• WHAT YOU ARE ASKED TO DO: Could you give back exactly the lines below from the one with "30.11.2018-ci il tarixinə" through the one with "Photo taken with", without a single picture?

• DATASET EXTRACT:
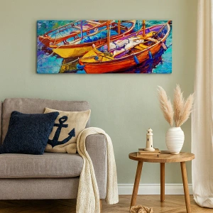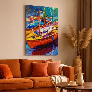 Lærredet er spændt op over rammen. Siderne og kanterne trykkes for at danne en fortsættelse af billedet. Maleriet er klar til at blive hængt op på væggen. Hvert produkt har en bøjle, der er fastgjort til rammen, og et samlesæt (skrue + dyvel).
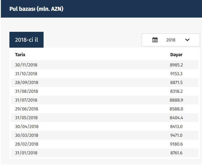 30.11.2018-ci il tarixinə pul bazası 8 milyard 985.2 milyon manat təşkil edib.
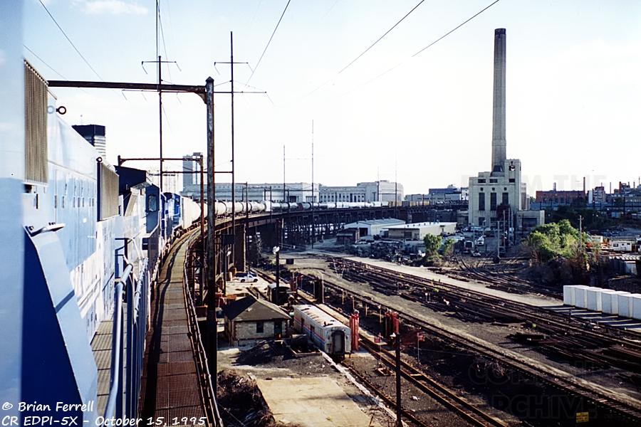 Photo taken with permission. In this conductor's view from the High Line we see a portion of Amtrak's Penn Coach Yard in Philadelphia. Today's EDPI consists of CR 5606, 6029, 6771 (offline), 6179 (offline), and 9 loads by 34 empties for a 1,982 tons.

---

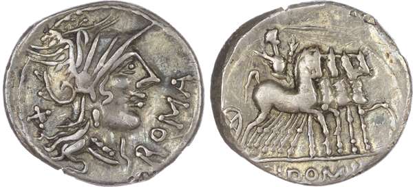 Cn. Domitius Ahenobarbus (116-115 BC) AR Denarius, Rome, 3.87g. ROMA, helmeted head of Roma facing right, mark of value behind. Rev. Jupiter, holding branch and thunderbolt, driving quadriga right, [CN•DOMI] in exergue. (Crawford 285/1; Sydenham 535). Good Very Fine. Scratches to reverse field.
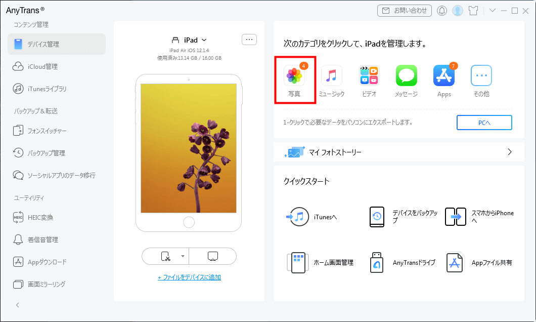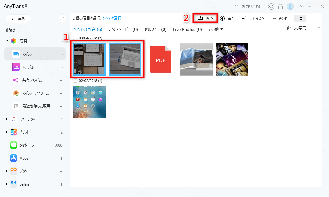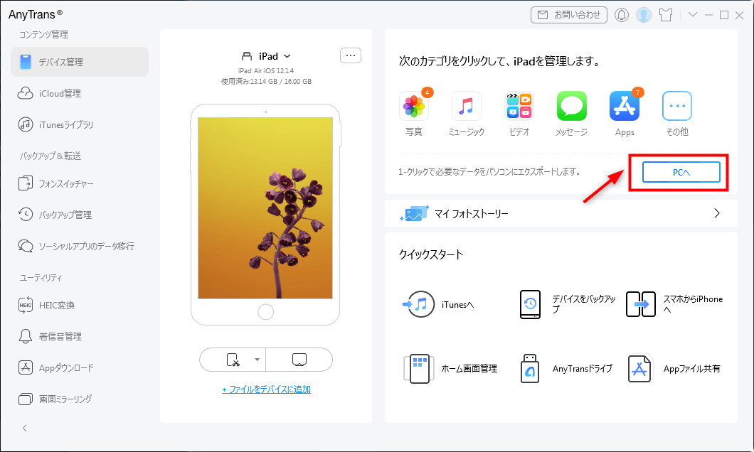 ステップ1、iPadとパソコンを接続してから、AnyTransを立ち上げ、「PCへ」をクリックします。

---

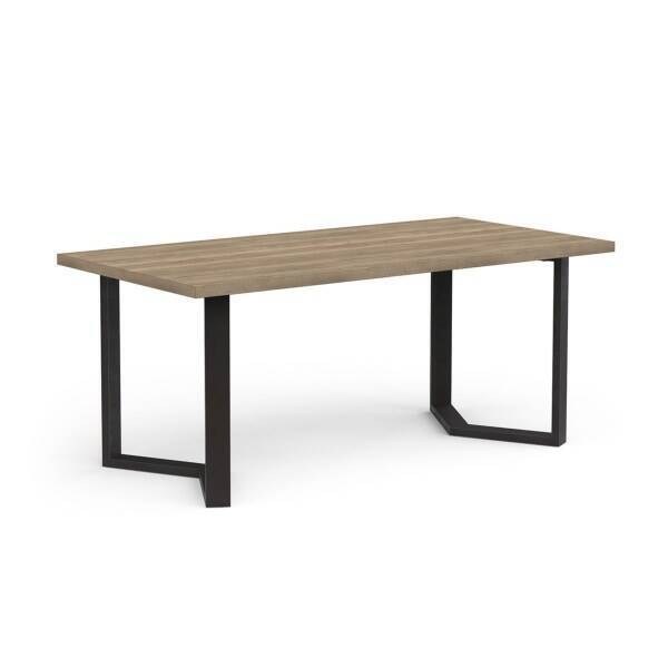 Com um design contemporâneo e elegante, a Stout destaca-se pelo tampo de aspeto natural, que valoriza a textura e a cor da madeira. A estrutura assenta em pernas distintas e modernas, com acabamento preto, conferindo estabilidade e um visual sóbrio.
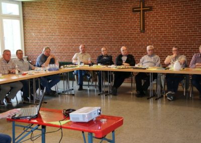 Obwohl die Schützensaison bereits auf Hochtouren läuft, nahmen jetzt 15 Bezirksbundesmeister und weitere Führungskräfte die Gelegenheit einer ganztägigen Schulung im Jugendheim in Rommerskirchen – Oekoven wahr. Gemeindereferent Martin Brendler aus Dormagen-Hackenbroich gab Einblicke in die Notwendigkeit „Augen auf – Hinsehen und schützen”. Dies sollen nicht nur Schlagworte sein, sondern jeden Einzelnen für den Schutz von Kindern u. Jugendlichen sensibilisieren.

• RESPONSE AREA:
 30.11.2018-ci il tarixinə pul bazası 8 milyard 985.2 milyon manat təşkil edib.
 Photo taken with permission. In this conductor's view from the High Line we see a portion of Amtrak's Penn Coach Yard in Philadelphia. Today's EDPI consists of CR 5606, 6029, 6771 (offline), 6179 (offline), and 9 loads by 34 empties for a 1,982 tons.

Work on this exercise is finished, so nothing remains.